▶ _Task statement_
Pictures aside, please retype the whole listing word for word.
::: Records to use
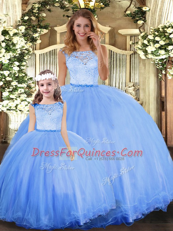 High Quality Blue Ball Gowns Scoop Sleeveless Tulle Floor Length Clasp Handle Lace Ball Gown Prom Dress
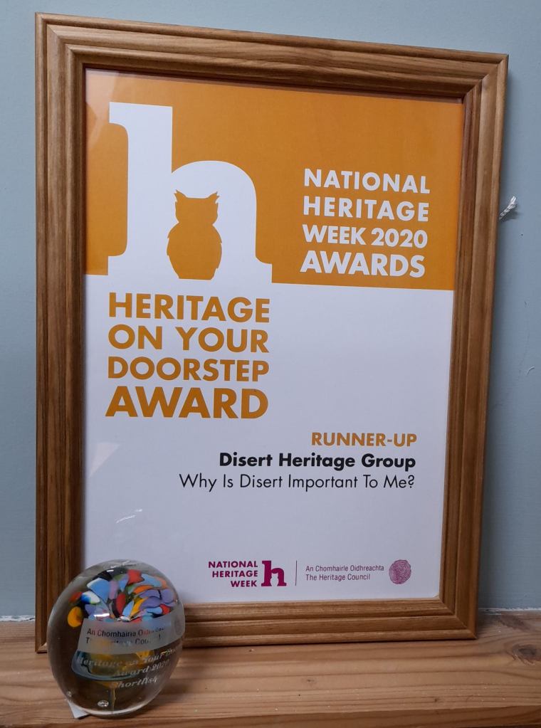 We were delighted to receive our certificate and piece of Jerpoint Glass to acknowledge that the series was a Runner Up for the’Heritage on Your Doorstep’ award during National Heritage Week 2020 Awards, sponsored by the Heritage Council.
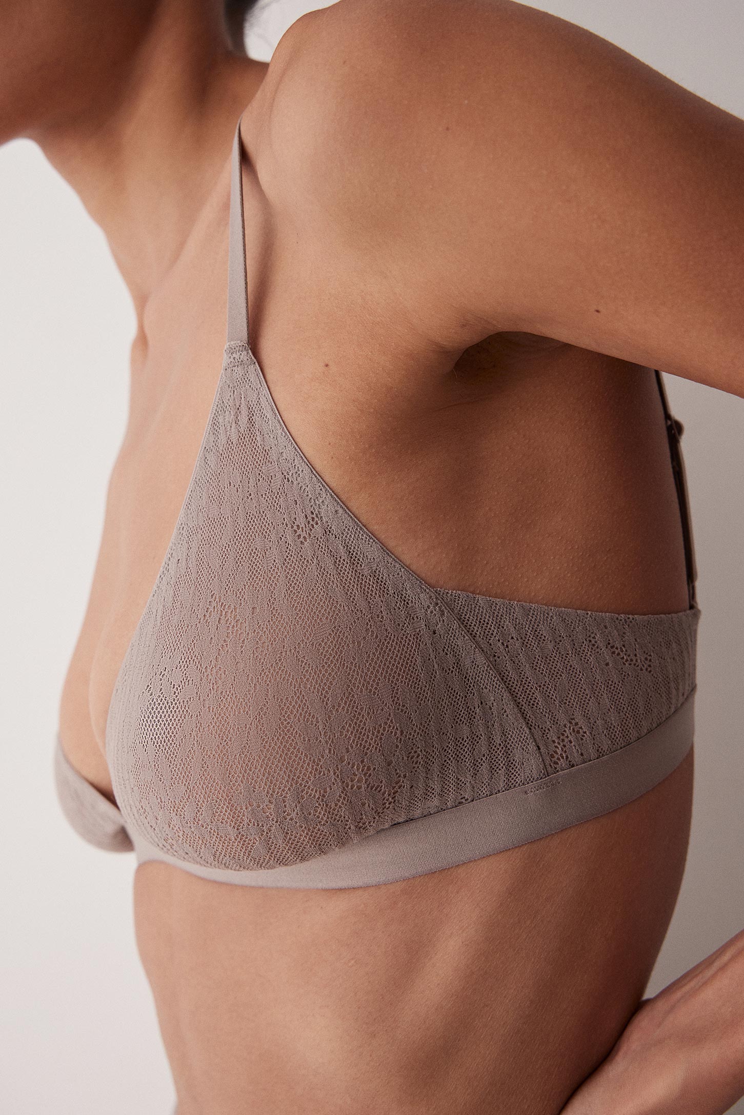 Бюстгальтер с треугольными чашками изготовлен из эластичного кружева с цветочным рисунком. Тонкие бретели и широкая резинка под грудью выполнены из эластичного материала. Линия горловины и спинки обработаны эластичной тесьмой. Регуляторы на бретелях позволяют корректировать посадку изделия. На спинке расположена застежка на крючки. Бюстгальтер без подкладки, без чашек-вкладышей, обеспечивает естественную поддержку груди.
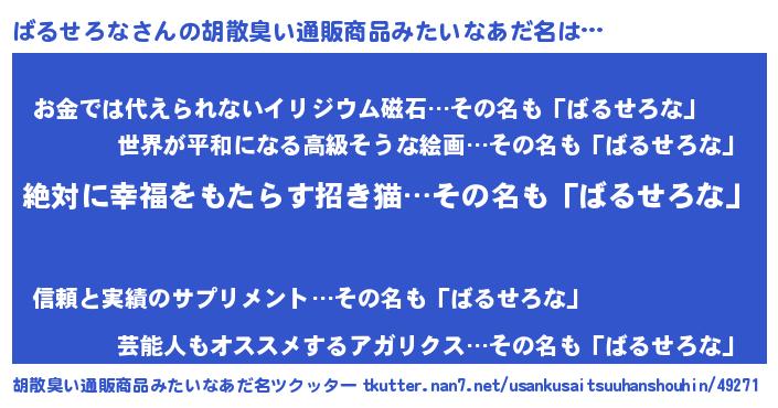 | ヘコむあだ名 | 『ばるせろな(笑)』『なまこ酢』 |
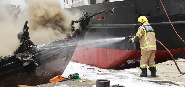 فرق الإطفاء تمكنت من محاصرة النيران قبل امتدادها إلى السفن المجاورة. من المصدر
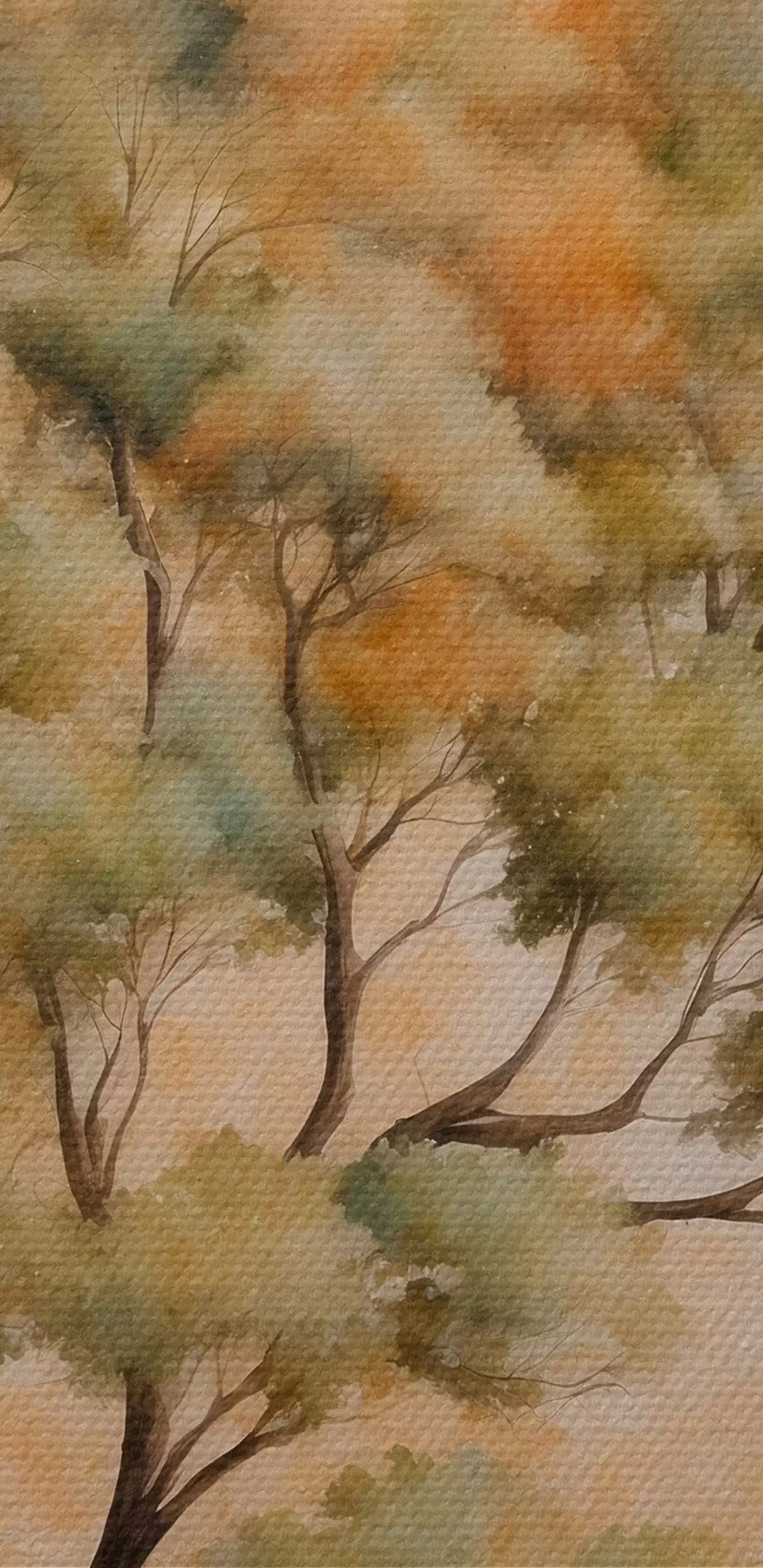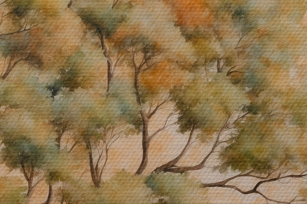 Obrázek Strom na oranžovém a bílém pozadí ve stylu akvarelové malby Nr r42514
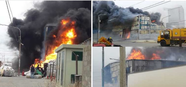 Río Grande. Aún lucha contra un enorme incendio que se desató esta tarde en la fábrica de plásticos Isla Grande, en el parque industrial de Río Grande. La situación es crítica ante los fuertes vientos que se registran en la ciudad. Video del incendio .-
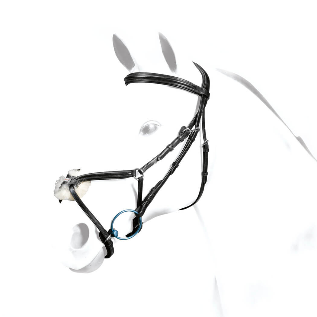 Testiera in cuoio Sedgwick con sopraccapo anatomico “No stress” e frontalino bombato con capezzina messicana a 2 regolazioni.
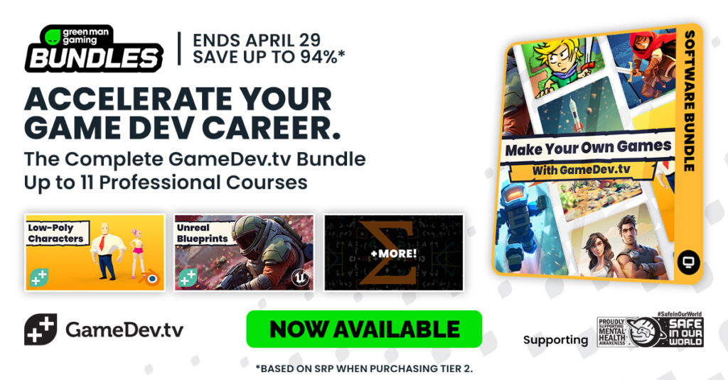 Expanding Green Man Gaming’s charity bundles platform to offer productivity, creativity and professional development software, the GameDev.tv Bundle launches today in support of Safe In Our World, offering Unity, Unreal, Blender, Godot and more to help budding developers make their dream game
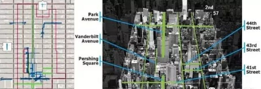 2017年8月批準(zhǔn)的曼哈頓中城East Midtown的控制性規(guī)劃修訂案將打造公共空間、營造活動場所作為核心目標(biāo),使用步行廣場、共享街道和公交走廊三種工具規(guī)劃交通空間,從公共開放空間視角重新設(shè)計街道和步道,借助城市設(shè)計手法激發(fā)街道活力,重新安排未利用空間以滿足步行者需求,重新分配街道空間以反映各類使用者真實需求。公共空間改造涉及41街、43街、44街、潘興廣場、范德堡大街和派克大街。
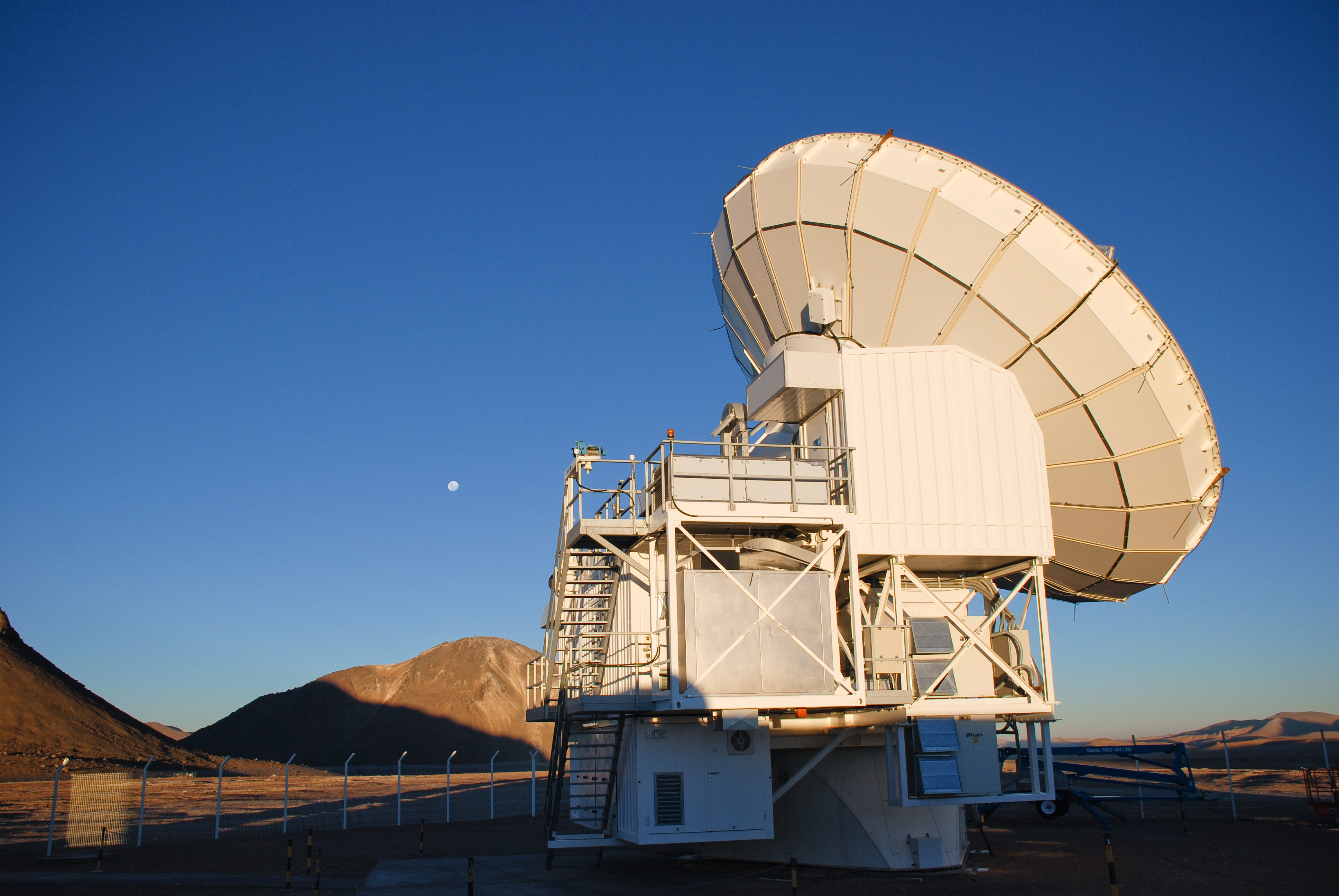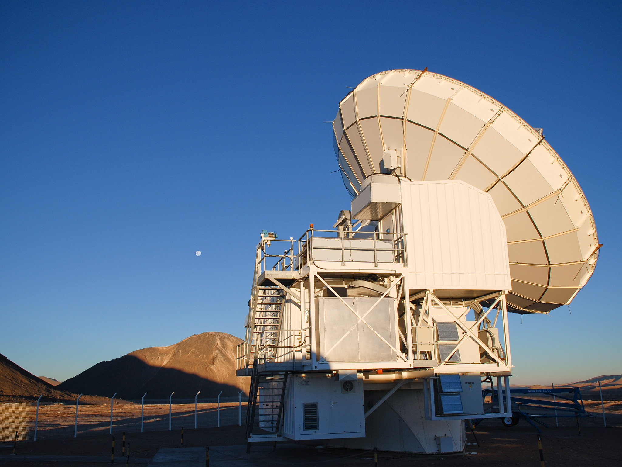 The APEX mirror, 12-metres in diameter, points toward the afternoon sky, seeming almost eager for the night’s observation run of milimetre and submilimetre wavelength astronomy from the Chajnantor plateau in Chile's Atacama region. APEX looks at the cold, dusty, and far distant Universe, often difficult to observe with other types of telescopes.
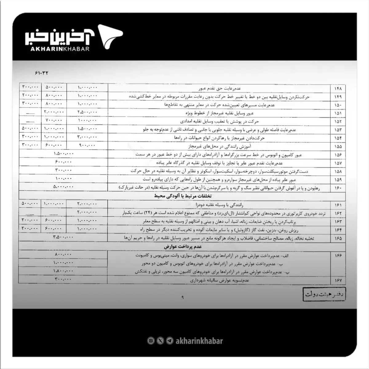 همچنین برخی از جرائم مانند سبقت غیر مجاز که پیش از این ۲۱۰ هزار تومان بوده است به ۷۰۰ هزار تومان افزایش یافته است.
::::::
▶ _Task solution_
 High Quality Blue Ball Gowns Scoop Sleeveless Tulle Floor Length Clasp Handle Lace Ball Gown Prom Dress
 We were delighted to receive our certificate and piece of Jerpoint Glass to acknowledge that the series was a Runner Up for the’Heritage on Your Doorstep’ award during National Heritage Week 2020 Awards, sponsored by the Heritage Council.
 Бюстгальтер с треугольными чашками изготовлен из эластичного кружева с цветочным рисунком. Тонкие бретели и широкая резинка под грудью выполнены из эластичного материала. Линия горловины и спинки обработаны эластичной тесьмой. Регуляторы на бретелях позволяют корректировать посадку изделия. На спинке расположена застежка на крючки. Бюстгальтер без подкладки, без чашек-вкладышей, обеспечивает естественную поддержку груди.
 | ヘコむあだ名 | 『ばるせろな(笑)』『なまこ酢』 |
 فرق الإطفاء تمكنت من محاصرة النيران قبل امتدادها إلى السفن المجاورة. من المصدر
 Obrázek Strom na oranžovém a bílém pozadí ve stylu akvarelové malby Nr r42514
 Río Grande. Aún lucha contra un enorme incendio que se desató esta tarde en la fábrica de plásticos Isla Grande, en el parque industrial de Río Grande. La situación es crítica ante los fuertes vientos que se registran en la ciudad. Video del incendio .-
 Testiera in cuoio Sedgwick con sopraccapo anatomico “No stress” e frontalino bombato con capezzina messicana a 2 regolazioni.
 Expanding Green Man Gaming’s charity bundles platform to offer productivity, creativity and professional development software, the GameDev.tv Bundle launches today in support of Safe In Our World, offering Unity, Unreal, Blender, Godot and more to help budding developers make their dream game
 2017年8月批準(zhǔn)的曼哈頓中城East Midtown的控制性規(guī)劃修訂案將打造公共空間、營造活動場所作為核心目標(biāo),使用步行廣場、共享街道和公交走廊三種工具規(guī)劃交通空間,從公共開放空間視角重新設(shè)計街道和步道,借助城市設(shè)計手法激發(fā)街道活力,重新安排未利用空間以滿足步行者需求,重新分配街道空間以反映各類使用者真實需求。公共空間改造涉及41街、43街、44街、潘興廣場、范德堡大街和派克大街。
 The APEX mirror, 12-metres in diameter, points toward the afternoon sky, seeming almost eager for the night’s observation run of milimetre and submilimetre wavelength astronomy from the Chajnantor plateau in Chile's Atacama region. APEX looks at the cold, dusty, and far distant Universe, often difficult to observe with other types of telescopes.
 همچنین برخی از جرائم مانند سبقت غیر مجاز که پیش از این ۲۱۰ هزار تومان بوده است به ۷۰۰ هزار تومان افزایش یافته است.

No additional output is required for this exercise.